A white-knuckle, technically flawless masterpiece, Alfonso Cuaron’s GRAVITY is the theatergoing experience of the year.
I hate space.
I had to drive home in silence, and when I got there I was still shaking.
Gravity is a film unlike anything I’ve ever seen; it’s pure cinema magic. An absolutely stunning, heaven-and-earth-shaking work of art. The emotions at play here are deeply primal; it grabs you from the opening frame, continuing through an opening shot that goes a heart-pounding 17 minutes without a cut, and doesn’t let go. For 99% of us, it’s the closest we will ever come to being in space itself…and kind of confirms that I don’t ever really wish to go. What Jaws did for the ocean, Gravity does for the biggest ocean of them all.
It’s been seven long years since Children of Men, with its epic tracking shots, fluid camerawork, and haunting vision of a dystopic future. Cuaron is one of the very best at making the horrific seem horrifyingly plausible, grounding his stories in reality (even Harry Potter and the Prisoner of Azkaban, the best film of the series for it’s complete mastery of tone) and keeping us on the edges of our seats.Gravity is about survival and faith, shot through with humanity even in the cold vastness of space.
James Cameron, upon the release of Avatar, was quick to proclaim his film “the future of cinema,” bringing photo-realistic effects to the screen in an immersive three dimensions. Meanwhile, Cuaron quietly went about crafting a work of such technical wizardry, it exposes Avatar for the cartoon it is. I have honestly no idea how Cuaron and his team created some of these shots, as the camera bobs and weaves from great distances, to inside an astronaut’s helmet and back again, and I don’t think I even WANT to know. I don’t want to break the spell. The film looks impossible, is impossible, yet it exists — as if beamed in from the literal, actual “future of cinema.”
Okay. Maybe that’s enough hyperbolic gushing…for the moment.
Sent up to repair the Hubble Telescope, Dr. Ryan Stone (Sandra Bullock, with all of her Bullock-ness) and her commander Matt Kowalski (George Clooney, with…all of his Clooney-ness) face an unprecedented space emergency when cascading debris from a Russian satellite tears into their shuttle, killing the rest of their crew and leaving Stone & Kowalski stranded. It’s a heart attack of a sequence, and the actors — particularly Bullock — play it perfectly. She’s the less-trained scientist, uncomfortable being out of the craft, and suddenly sent spinning into the abyss; he’s the charismatic veteran, (of course) on his final scheduled mission, placidly confident even in these harrowing circumstances. The two must attempt to leapfrog from station to station until they can find a transport to get home.

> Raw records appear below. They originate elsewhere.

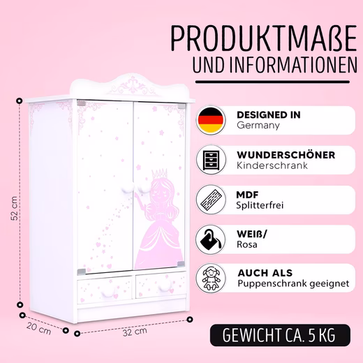 - The height of the cabinet is 52 cm and the width is 32 cm. It is also 20 cm deep. Ideal measurements for the clothing of children up to 5 years old.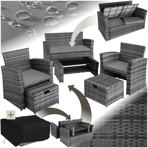 Une des caractéristiques les plus pratiques du salon de jardin MODENA est sa facilité de rangement. Les fauteuils et tabourets peuvent être disposés de manière compacte pour un rangement efficace. De plus, une housse de protection est fournie pour augmenter la longévité de votre mobilier extérieur.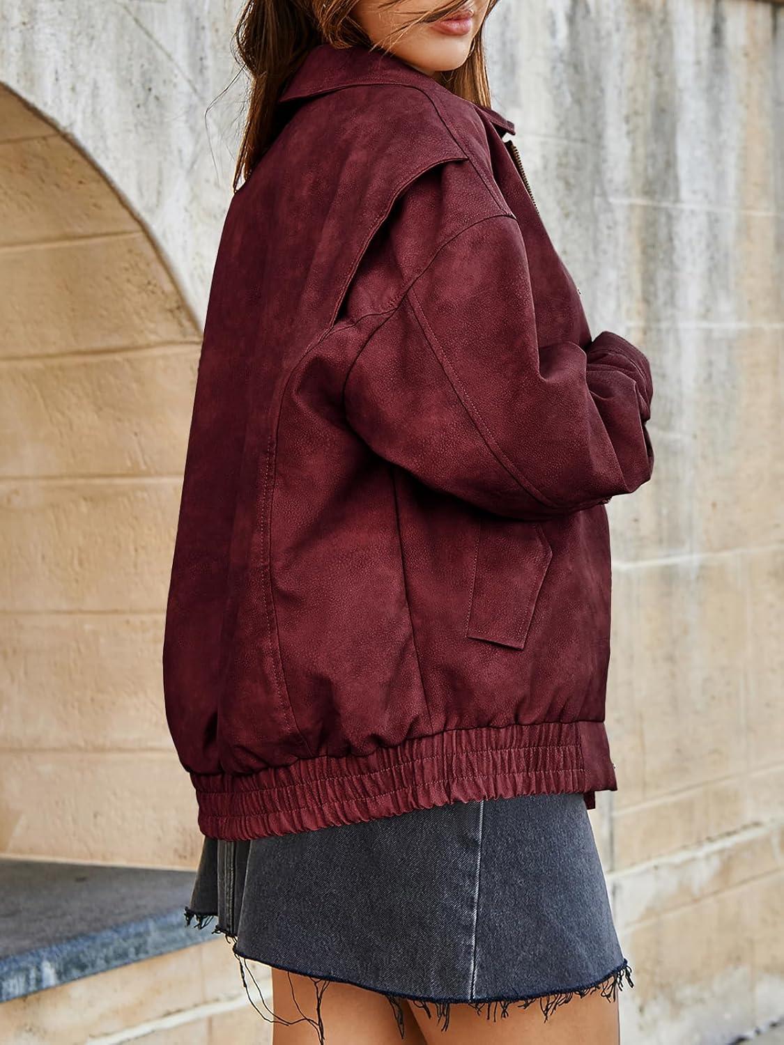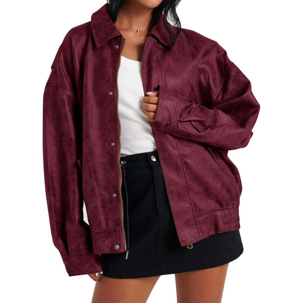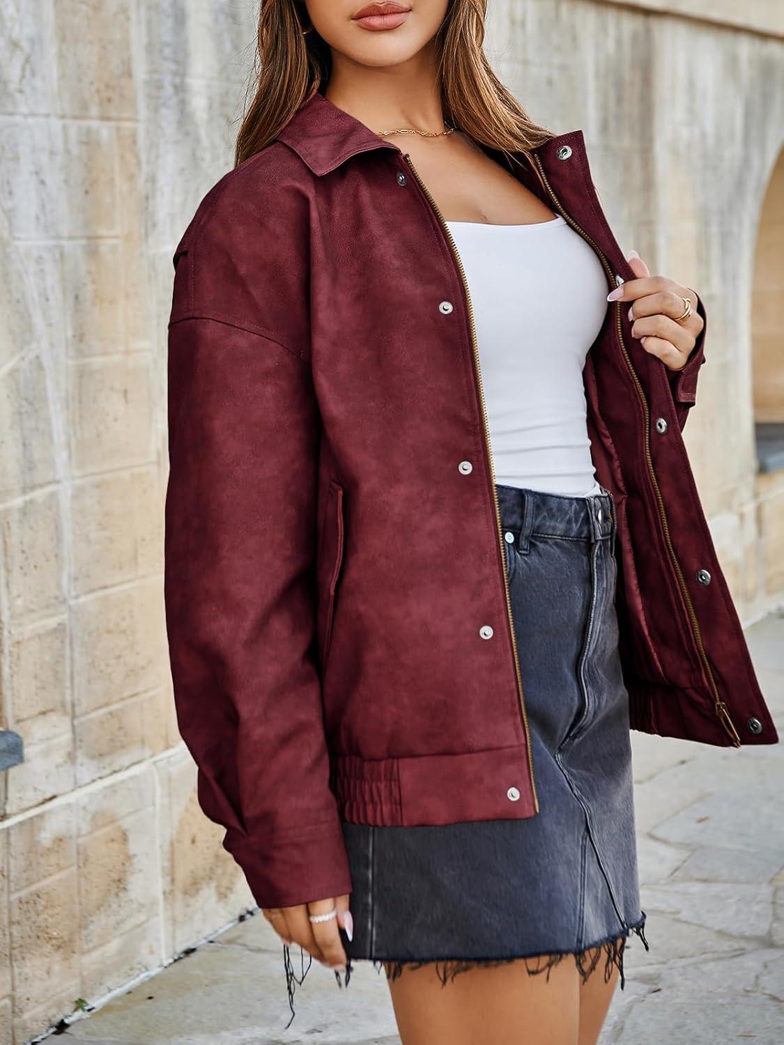 Tankaneo Womens Oversized Leather Jackets Trendy Zip up Bomber Motorcycle Coat 2025 Going out Outfits(Burgundy)
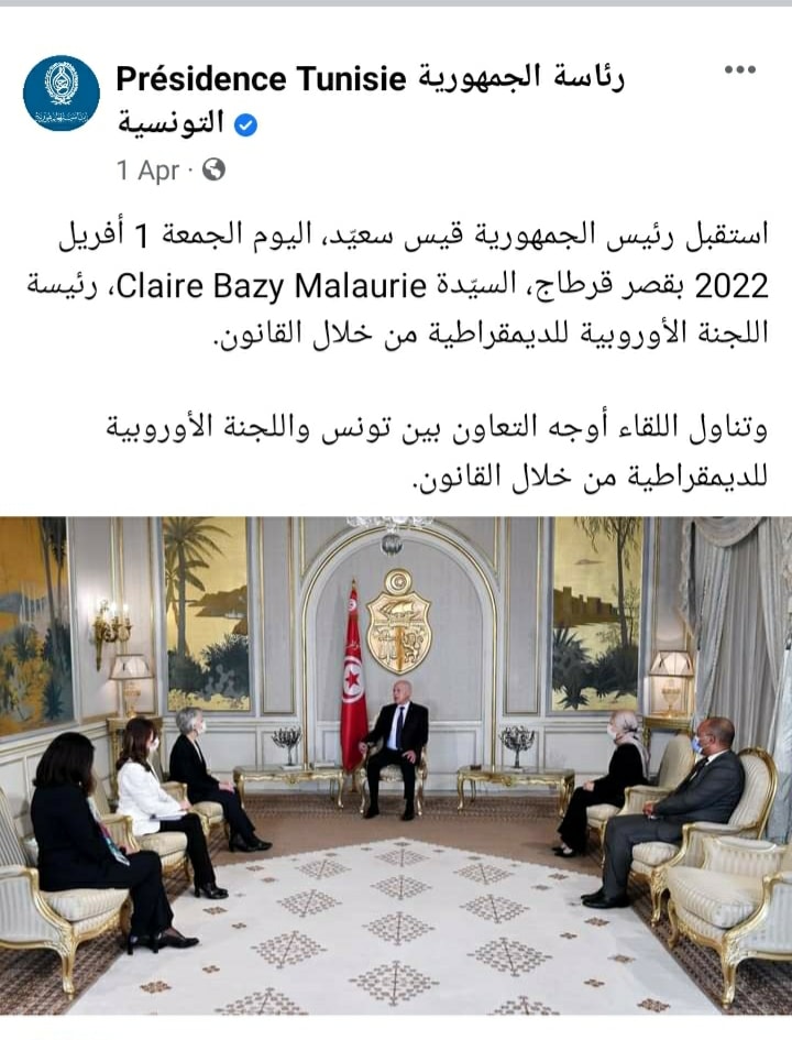 Dès le 1er avril, le président tunisien recevait Claire Bazy Malaurie, présidente de la Commission de Venise. Une hospitalité qui contraste avec le ton extrêmement hostile employé lundi :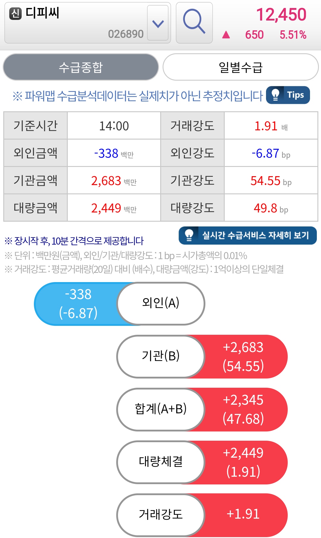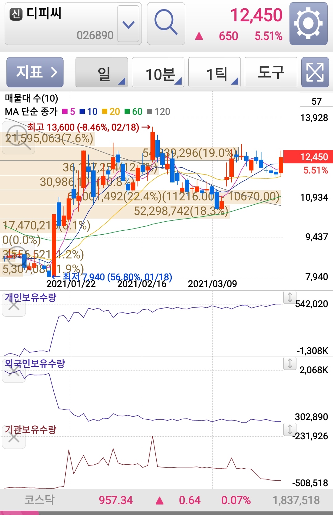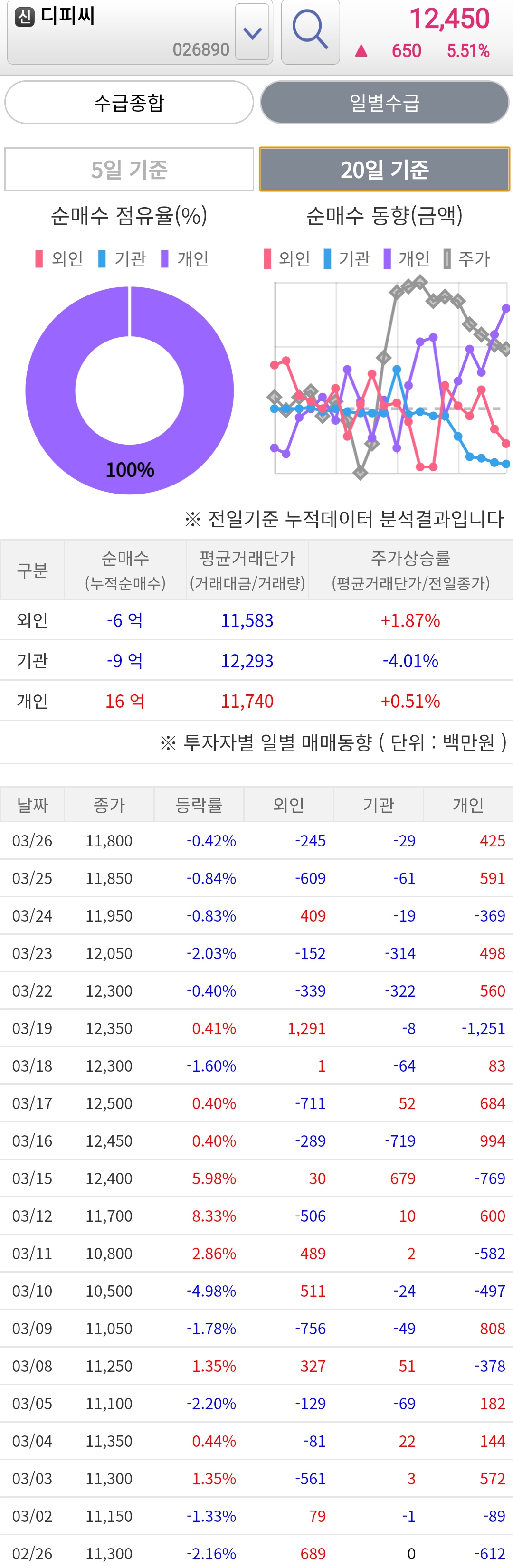 [투자자별일일매매동향] [일별수급 20일기준 - 디피씨] 외인은 매도하고, 기관은 매수하고, 에 따라 주가가 움직이는 것으로 예상되며 개인도 매수에 동참하고 있음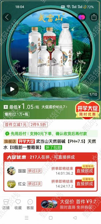 甄品货栈> 1+折扣仓> 武当山弱碱水550*24瓶新货2万箱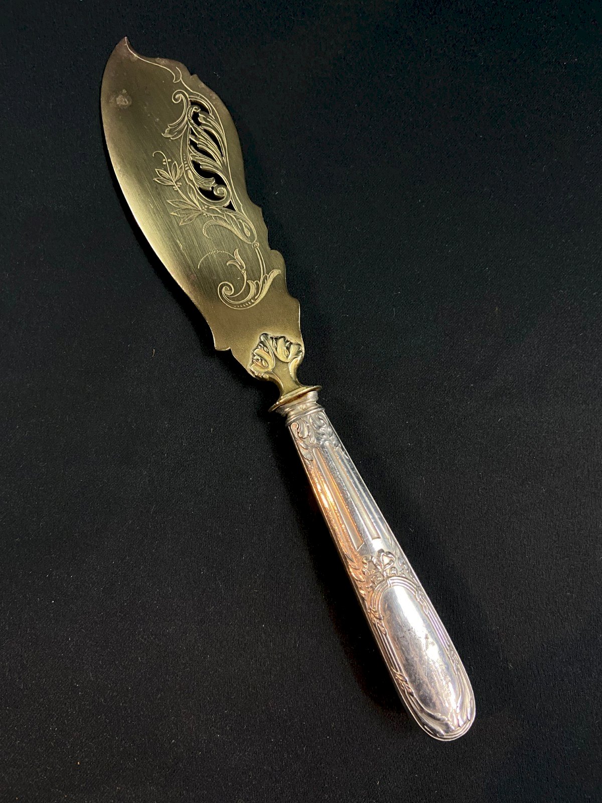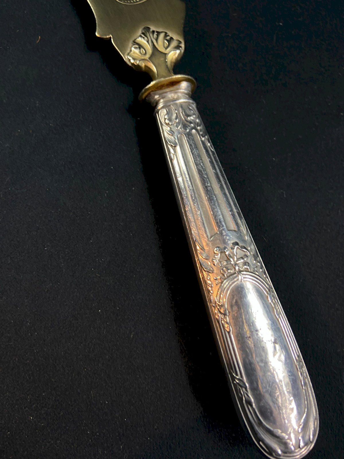 Ice shovel in Louis XV style, handle in silver late 19th century Max dimensions: 26.7 x 4.7 cm Weight: 106 grams I note the presence of small deformations as well as minor surface wear on the gilded part. Ultra-secure shipping worldwide - Pickup of orders possible by appointment, 7 rue Notre-Dame 18000 Bourges. - Possibility of grouping within the same package: please contact me beforehand so I can calculate your optimized shipping costs. Authenticity: Original Type: Table art, Kitchen Origin: France Country of origin: France Sub-type: Ladle, Shovel Material: Solid silver Style: Louis XV, Neoclassical
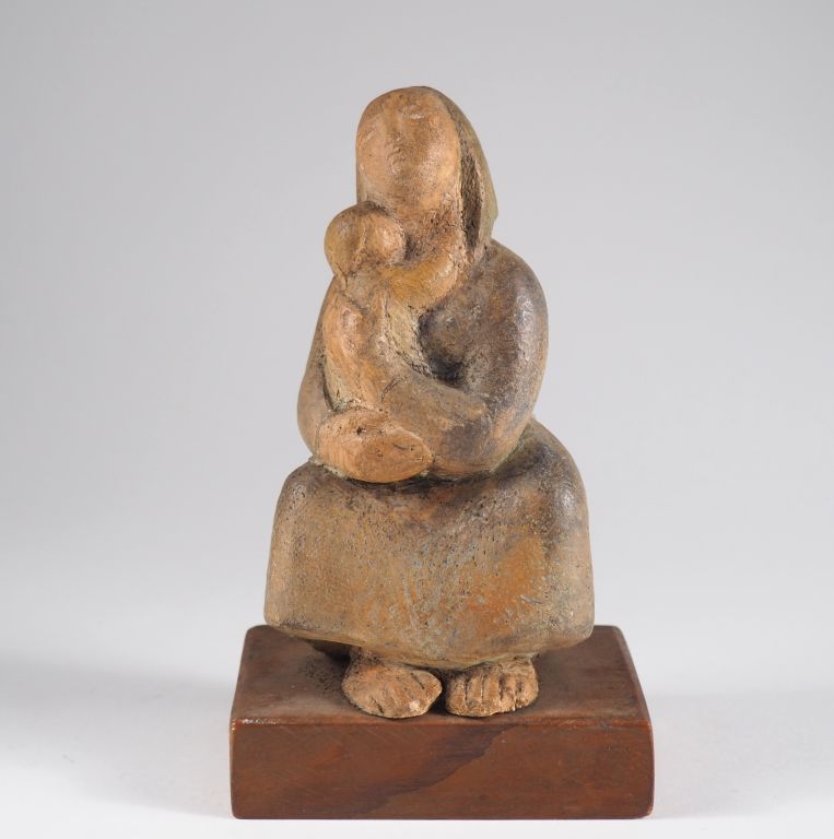 Henri Paul REY. "jeune mère et son enfant" Sculpture en terre cuite émaillée polychrome Signée H. 14 cm
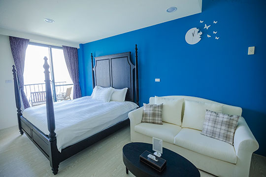 高雅的蔚藍色系讓人多了份安心感,感受一下這空間的優雅和沉靜,舒服的睡一晚吧!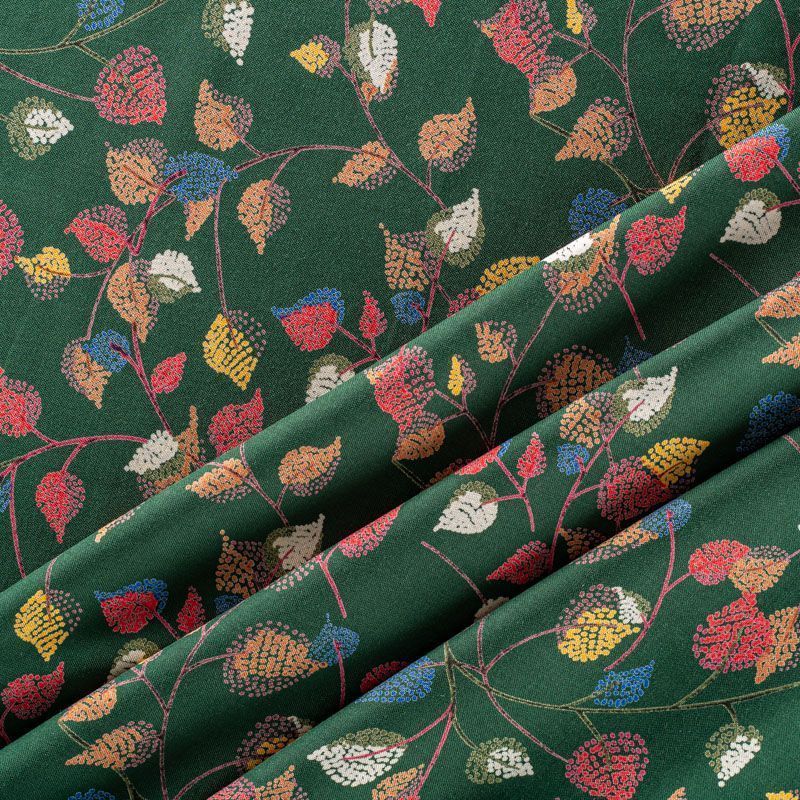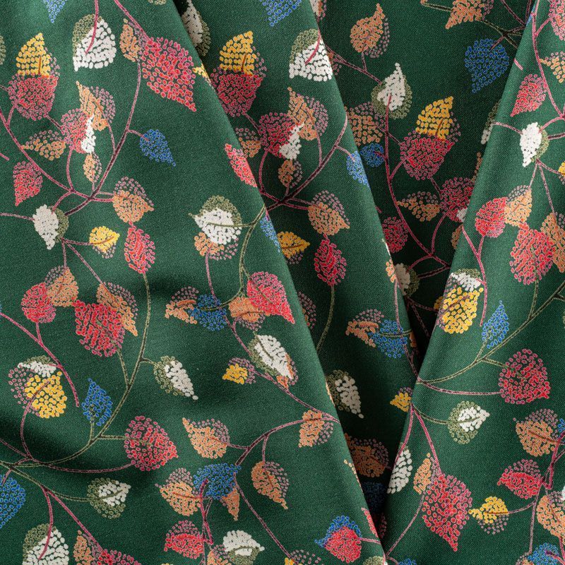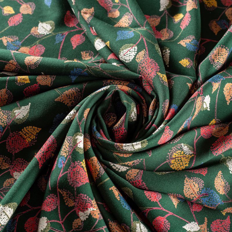 Плательно-блузочный штапель насыщенного зеленого оттенка с растительным принтом. Ткань мягкая, тонкая, нежная, пластичная, приятная на ощупь, хорошо драпируется, практичная, поверхность слегка фактурная. Подойдет для пошива платья, топа, блузки, рубашки, юбки, летних брюк.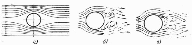 При больших значениях критерия Рейнольдса, которые характерны для практики, обтекание трубы сопровождается образованием в кормовой зоне вихрей, как это показано на рис. 13.8, б и 13.8, в. Как видно из рисунков, условия омывания фронтальной и кормовой частей совершено различны.

Though Clooney is charming, the film belongs to Sandra Bullock, and she’ll almost assuredly get a Best Actress nomination next year for her vulnerable, naturalistic performance. She draws us in not with histrionics, but with subtlety. Cuaron offered the role of Stone to — perhaps literally — every actress in Hollywood, and Angelina Jolie was attached to star for a while (opposite Robert Downey Jr., no less), but few actresses could have brought the depth and grace that Bullock does here. It’s especially impressive considering how much work she has to do inside that bulky suit, harnessed to a “zero-gravity” rig, with the camera swooping inches from her face.
If there is any flaw to be found, it’s in the writing. While the film runs a scant 90 minutes (heroically, I’d say, considering the bulk and bombast of previous Academy fare) and the story is appropriately lean, Cuaron — along with his co-writer and son, Jonas — makes the choice to give Dr. Stone a devastating backstory. On the one hand, this makes her decision to either accept her fate or push forward that much more palpable, but on the other it ventures into occasionally making the subtext text, and feeling false. Could more silence have been appropriate? Perhaps, but she would have just been a cipher, an audience stand-in. To dimensionalize Dr. Stone as a character was smart, but I don’t think it needed to be taken to that extreme.
Similarly, Cuaron’s love of visual symbolism is more pronounced in this film, with the “re-birth” metaphor becoming unusually heavy-handed by the end. I don’t typically pick that kind of stuff out at first viewing, and the fact that I did may not have been a good thing. Gravity is a film that projects intimate ideas onto a massive scale, which means that even its underlying message hits like an anvil when a simple nudge will do.
Even so, given the scope of what’s been accomplished here, these are just quibbles that don’t diminish the film as an experience in the slightest. And truly, it must be experienced, in full 3-D on the largest screen available — the film’s greatest power is how it completely envelopes you. The sound design, effects, minimalistic (but effective) score, and exceptional lead performance work in tandem with Cuaron’s pioneering vision. We’ll be talking about Gravity for a long, long time, alongside Inception, The Matrix, and Fellowship of the Ring as a true “lightning bolt” film, challenging our ideas about what the medium is capable of. It’s not just a technical milestone; it’s an instant classic.